In the material below, the lines between the one holding "Женщина и мужчина" and the one holding "四川九州電子科技股份有限公司", inclusive, are to be set down word for word. Pictures stay out.

- _Data excerpt_:
++++++++++

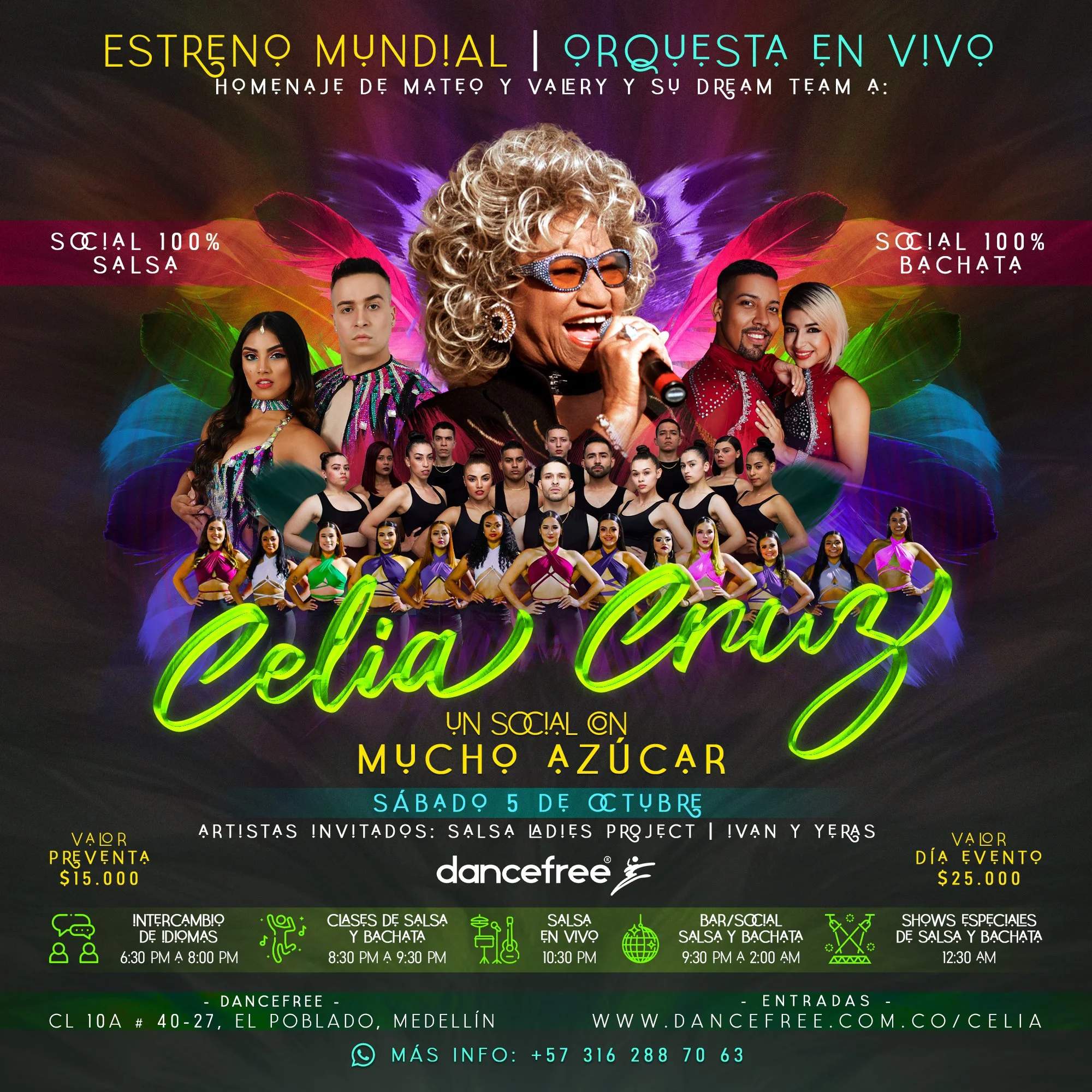 “No te pierdas este evento especial el sábado, 5 de octubre, que incluye intercambio de idiomas de 6:30-8pm, 2 clases simultáneas de salsa (nivel abierto) y bachata (nivel intermedio) de 8:30-9:30pm, social de 9:30pm-2am con 2 ambientes (100% salsa y 100% bachata), salsa en vivo a las 10:30pm y shows especiales de salsa y bachata a las 12:30am.”
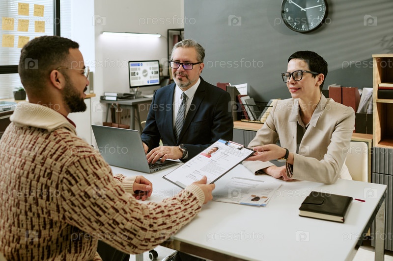 Женщина и мужчина проводят интервью с молодым человеком в современном офисе
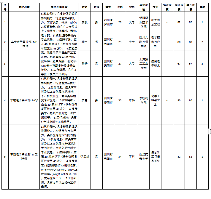 四川九州電子科技股份有限公司關(guān)于招聘ME工程師等崗位測(cè)試成績(jī)的公示
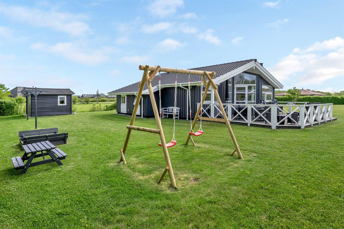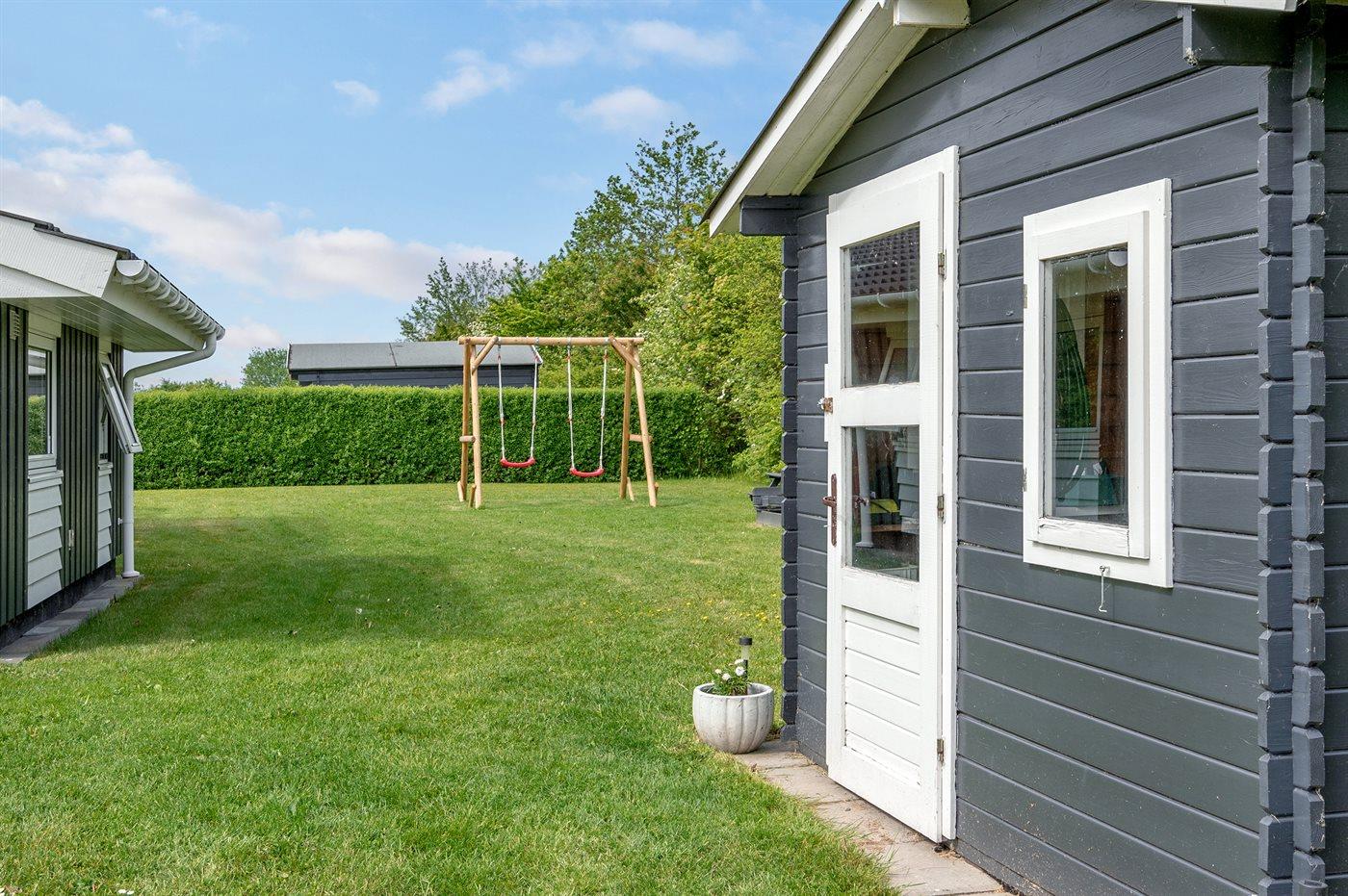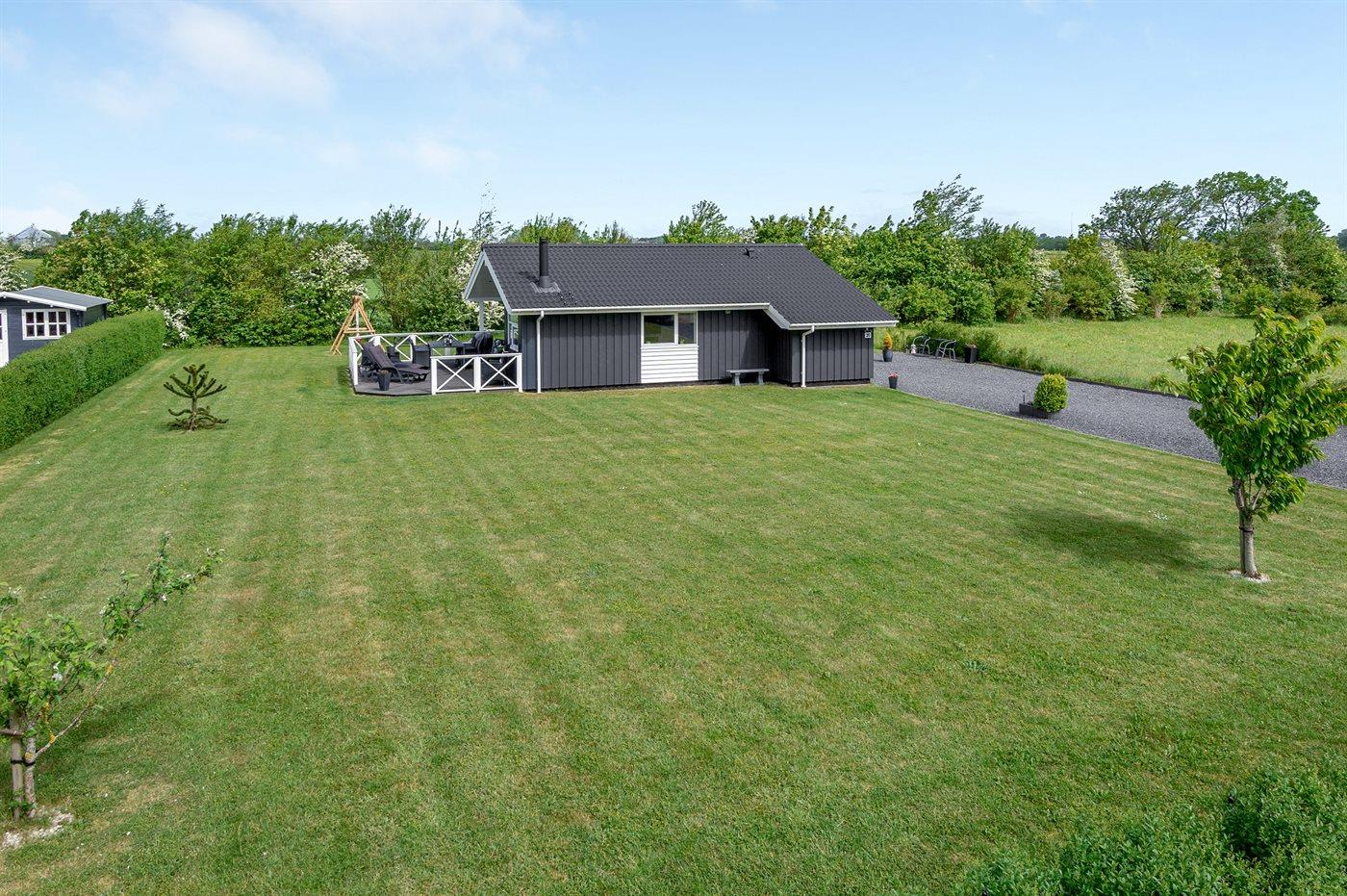 Ferieboligen er beliggende på en 1099 m² stor naturgrund. Der er 700 m til havet. Nærmeste forretning er beliggende i en afstand af 400 m. Til ferieboligen hører 62 m² terrasseareal. Desuden er der 6 m² overdækket terrasse. Gynge. Sandkasse. Grill til rådighed. Der er installeret stik til opladning af elbil. Parkering ved ferieboligen.

++++++++++

- _Response to this exercise_:
 Женщина и мужчина проводят интервью с молодым человеком в современном офисе
 四川九州電子科技股份有限公司關(guān)于招聘ME工程師等崗位測(cè)試成績(jī)的公示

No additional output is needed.